Students in Algonquin College’s scriptwriting program are excited to hear their 10-minute original plays read publicly by actors, as part of the annual Hothouse play reading series.
Hothouse is a three-part theatre event whereby emerging Ottawa playwrights are given the opportunity to showcase new scripts for a supportive audience of family, friends, faculty and industry professionals.
The first of three Hothouse presentations will be on Friday, Feb. 25 at 6:30 p.m. for a virtual livestream audience. Hothouse 2 will take place on March 11 and Hothouse 3 will be on March 25. Each evening will consist of eight short plays broadcast out of a television studio on campus.
Hothouse has been running every winter semester since 2007 but has gone through many evolutions since then, according to Laurie Fyffe who took it over in 2017 and introduced the 10-minute play. She and the team made the pivot to an online presentation format last year.
Fyffe is an established local theatre artist and teaches writing for actors at the college. The readings are an essential part of the creative process, she says.
“Dialogue is meant to be read aloud,” she said. “Students benefit so much from the talents of actors. This is when the real rhythm and energy starts to come alive.”
Every year Fyffe said she gets the same comments from students over and over after the readings: “I had no idea it would be so valuable.”
What makes this season of Hothouse unique, in Fyffe’s opinion, is the poetic language and “otherworldliness” the writers are using to create alternate realities.
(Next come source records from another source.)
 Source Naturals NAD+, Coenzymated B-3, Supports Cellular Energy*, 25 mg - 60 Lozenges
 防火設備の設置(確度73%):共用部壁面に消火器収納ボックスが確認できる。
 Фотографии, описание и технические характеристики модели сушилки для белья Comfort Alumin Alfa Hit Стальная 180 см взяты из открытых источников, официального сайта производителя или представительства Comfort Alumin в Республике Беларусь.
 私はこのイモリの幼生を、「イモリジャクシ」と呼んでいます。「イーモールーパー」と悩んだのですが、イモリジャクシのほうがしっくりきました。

“Maybe it’s because we’re living in an alternate reality,” she said.
Fyffe helped playwright Abdelghafor Elgamri think theatrically when it comes to his writing.
Elgamri moved to Canada from Sudan in September 2021. An established Arabic writer, he is in the process of finishing his third novel. Elgamri said the scriptwriting program expanded his mind and helped him discover new ways to tell stories. He entered the program as a novelist but will exit as a playwright and screenwriter as well.
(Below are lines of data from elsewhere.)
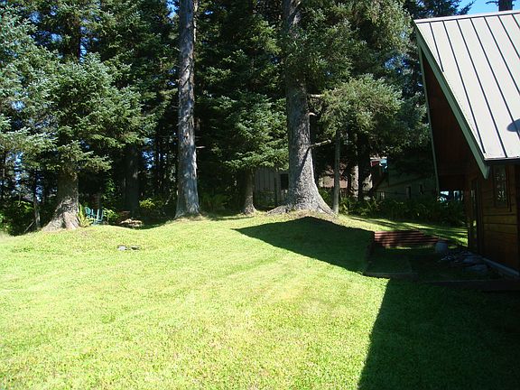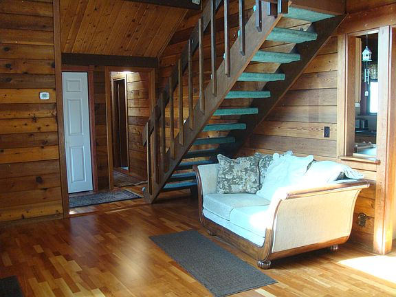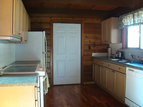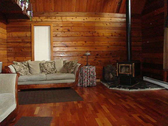 This panabode home has a metal roof, hot water baseboard heat with in-line hot water, and a wood stove. The bedrooms are 12' x 11' and there is a loft above the kitchen and dining room. Near the front door is a big walk-in closet for a pantry or storage, and a coat closet. There is also a nice linen closet next to the bath. A utility room is off one end of the kitchen and all major kitchen and laundry appliances are included. There is an 8' x 10' greenhouse on the property.
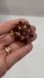 Vintage Volcano Rivoli Red Pink Rhinestone Gold Tone Filigree Brooch. Approximately 1.75 inches in size.
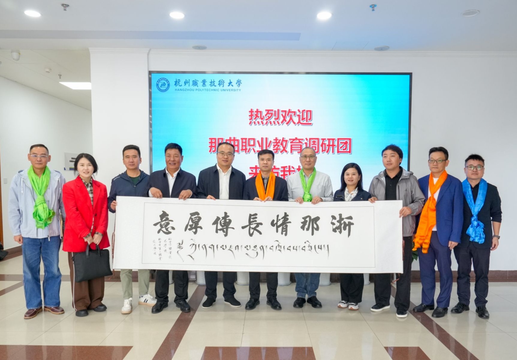 廖波对学校的热情接待表示感谢。他认为,杭州职业技术大学紧扣杭州区域产业发展脉动深化自身建设,树立了职业院校服务地方经济社会的优秀典范,是那曲市职业院校重点学习的标杆目标,希望调研团成员认真总结学习调研交流成果。他指出,那曲是我国海拔最高的地级市,在国家战略、生态安全、边疆稳定、民族发展等多重维度具有重要地位。近年来,浙江省援藏工作成效显著,那曲基础设施、产业发展、文化教育、医疗卫生等发生了翻天覆地的变化。廖波指出,教育是浙江援藏工作的重中之重,期待杭职大能进一步加强与那曲市职业院校的交流互动,以优质职教资源精准帮扶,深化产教融合模式输出,在促进民族团结、服务国家战略中做出应有的贡献。
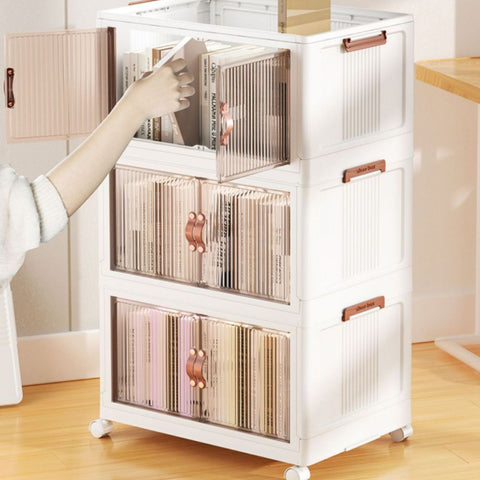 Our Stackable Storage Bins redefine the way you organize. With the ability to stack up into a storage shelf, complete with clear doors for easy visibility, these bins elevate your storage game to a whole new level. No more messy piles or jumbled items – just sleek, accessible organization at your fingertips.
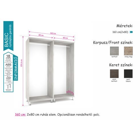 A Basic gardrób klasszikus stílusú bútor, amely tökéletes választás a letisztult berendezésű lakásokba. Belső polc és fiók kosár külön rendelhető hozzá.
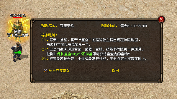 - 神威之狱:同样在开区第3天开启,每晚22:30刷新神狱之主BOSS,必掉大米,最后一击的玩家可额外获得终极装备,吸引全服玩家参与。

Elgamri is excited to see his words come to life at Hothouse.
“You feel like a God or something; you created something and now it’s there,” he said.
Elgamri has written a “startlingly good allegorical script” based on the political situation in Sudan, according to Fyffe. It is called The Absurdity of Ghosts and reflects on the psychological state of the leader of the military coup after killing anti-coup protesters.
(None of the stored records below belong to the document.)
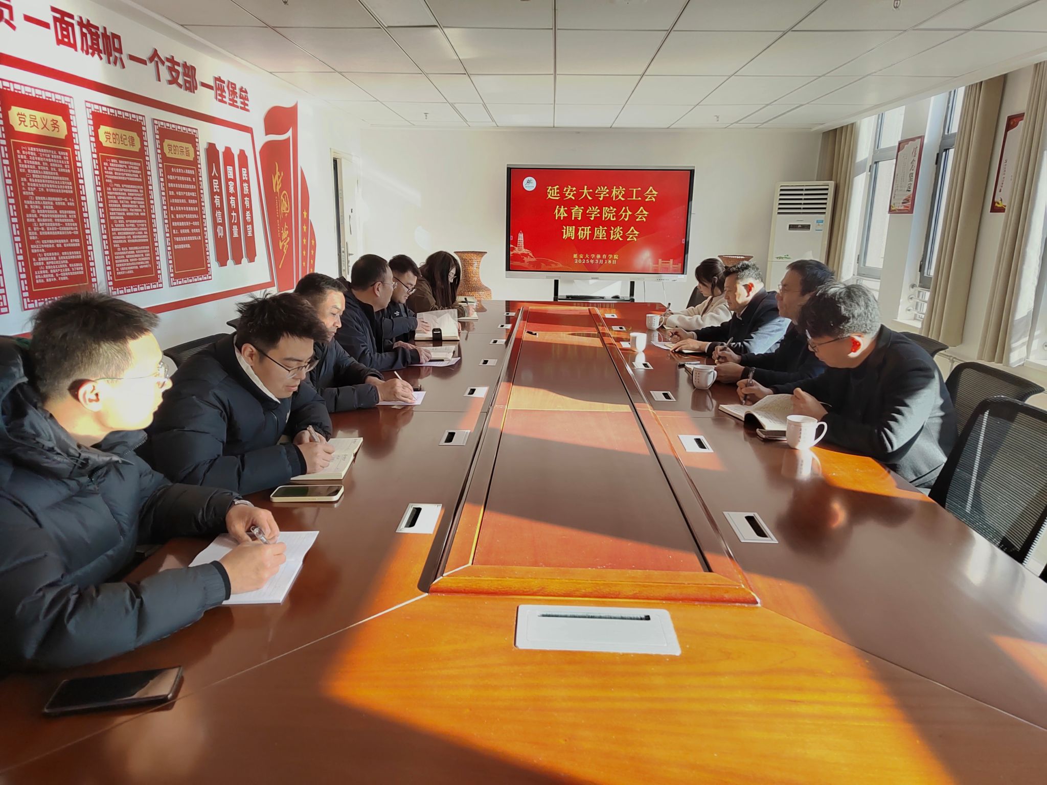 3月18日上午,校工会来我院调研交流,校工会主席杨曦东、副主席张永东、综合科科长高力、文体科科长张庆玲,我院党委书记兰鸿涛、体育教育系主任杜春斌、党委副书记徐海阔、组织员李才才,学院工会委员张菁、王凯、王海泉,教师马振嘉、石牙牙参加了座谈会,调研座谈活动在学院党员活动室举行。
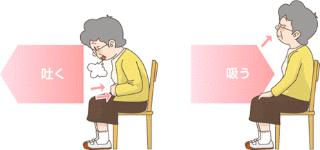 鼻から息を吸ってお腹を膨らませ、ゆっくり息を吐きながらお腹をへこましていく。
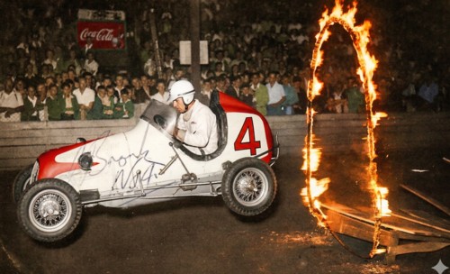 Len Brock in # 4 jumps the Ring of Fire - Cumberland Oval Parramatta.

“I can’t wait to have this thing be acted out and then share it with people back home through social media,” said Elgamri. “This is an opportunity to show what happened in Sudan and put it out there into the world.”
Also included in the first evening of Hothouse is Nicole Burggraaf’s I’ll be Loving You Parenthesis Forever and Meagan Le Duc’s A Haunting Melody.
Burggraaf was in her mid 40s working as an optometric assistant when “COVID happened” and she had an epiphany.
“’Oh my goodness, I love to write,'” she said she remembers thinking. “I’ve got to do something about it.”
Her script, she said, explores the need to hold onto your younger self as you grow older. The protagonist, Heather, wakes up from a leisurely afternoon nap to discover she is married to her childhood crush, Joey McIntyre from the boy band New Kids on the Block.
This comedy inspired by fan obsession is the first play Burggraaf has ever written.
“It will be interesting to hear my own words come out of someone else’s mouth,” Burggraaf said. “I am also very curious to hear the work of my peers acted out loud.”
This is not Meagan Le Duc’s first play, but it is the first time she plotted out the storyline in advance before beginning the writing process. Her piece is about a near-fatal car accident triggering its victim to face haunting memories and come to terms with the truth.
Le Duc said she recognizes a lot of herself in Merlin, one of the characters in her two-hander script.
“I had a lot of fun writing this,” she said. “I am very satisfied with how it turned out.”
Le Duc looks forward to being amongst the crowd and witnessing everyone’s reactions. Though the virtual format will feel different than having her script read aloud in person, it still allows Le Duc to share the piece and get feedback.
“I am eager to see how people interpret the ending,” she said. “My writing has a very implicant style and the only way to know whether I’ve left it too open-ended is to see how it lands with a test audience.”
Le Duc is aiming to acquire a strong grasp of script writing at Algonquin College before pursuing a career in film production.
“I want to prove to myself that my passion can be more than a hobby,” she said.
The Hothouse script readings allow playwrights to experience firsthand what works and what needs more work in a supportive and playful environment. It is an exciting opportunity, according to the playwrights, and they are all looking forward to it.